Before planting in the hydroponics system
Before planting anything in the hydroponic system, I had started some beans, lettuce, tomatoes, green onions and peas indoors in a growth medium that I could easily transfer to the net pots.
Not all of my starts took off. My beans did not survive at all, and all but one lettuce plant died. I attribute this to planting too soon, before the starts had developed good roots.
In the photo here, you can see the tomato plants are taking off, peas are doing okay and the onions and lettuce are still slow to get going.
I put a “green closet” small greenhouse around the structure to help control temperature and filter out some of the intense sun.
The greenhouse is made out of PVC pipe, made rigid with wood bracing and covered in 7 mil painters plastic.
When this greenhouse photo was taken, the tomato plants had grown the most by far. So much, that I had to remove a few plants due to their roots blocking up the pipes, and to allow for the other plants to get more light.
Later, I added string support for the plants to cling on to.
I was very surprised by the root systems. Below is a photo of the root system of one of the tomato plants. These roots actually started to become an issue. They started to grow so much that they would block the pipes and cause water to back up in the system.
A little bit of a “hair cut” fixed that for a little while. This is a pot I removed to thin out the garden.
Enjoying the harvest
We used the green onions and lettuce from the setup to make a lot of salads for six (two adults and 4 kids).
Here is a photo of one of those plants. We just kept cutting leaves off, and they just kept growing back.

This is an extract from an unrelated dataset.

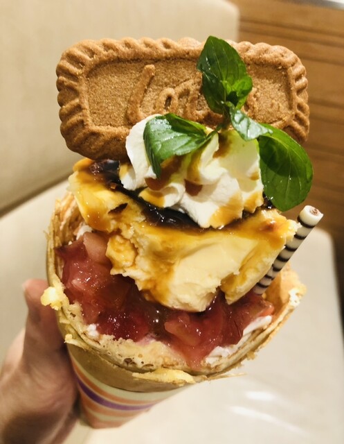薄いクレープ生地、しっかり何重かに巻かれていて、最後まで中からクリームやアイスが出てくることはありませんでした。

DIY hydroponics system cost
Overall, the bill of materials cost on the entire unit is well under $100. I also bought some tools that I didn’t already own, including a 4″ hole saw for $20.
Materials I used to build DIY hydroponics system
- 170-200 GPH fountain pump
- 27-gallon plastic storage container with lid
- 4” PVC pipe: 4@48”
- 3/4” PVC pipe:
- 4” PVC end caps: 8
- 3/4” PVC elbows: 8
- 3/4” steel pipe plugs: 8
- Flexible PVC fountain tubing
- Black PVC pipe tape
- Wood for support frame
Hydroponics system supplies
- Standard garden seeds and plant starts
- Standard seed starting medium and starter cells
- 4” hydroponic net pots: 16
- Hydroponic clay pellets
- Hydroponic nutrient solution formulated for growth; I like FoxFarm.
Hydroponics system equipment
- Hacksaw and guide for cutting pipe
- 4” hole saw
- 3/4” drill bit
All in all it’s been a good experiment, and we’ve grown a lot of produce. It was fairly easy to do, and it worked well in my small space. I can’t wait to build my next hydroponics system, refining my ideas.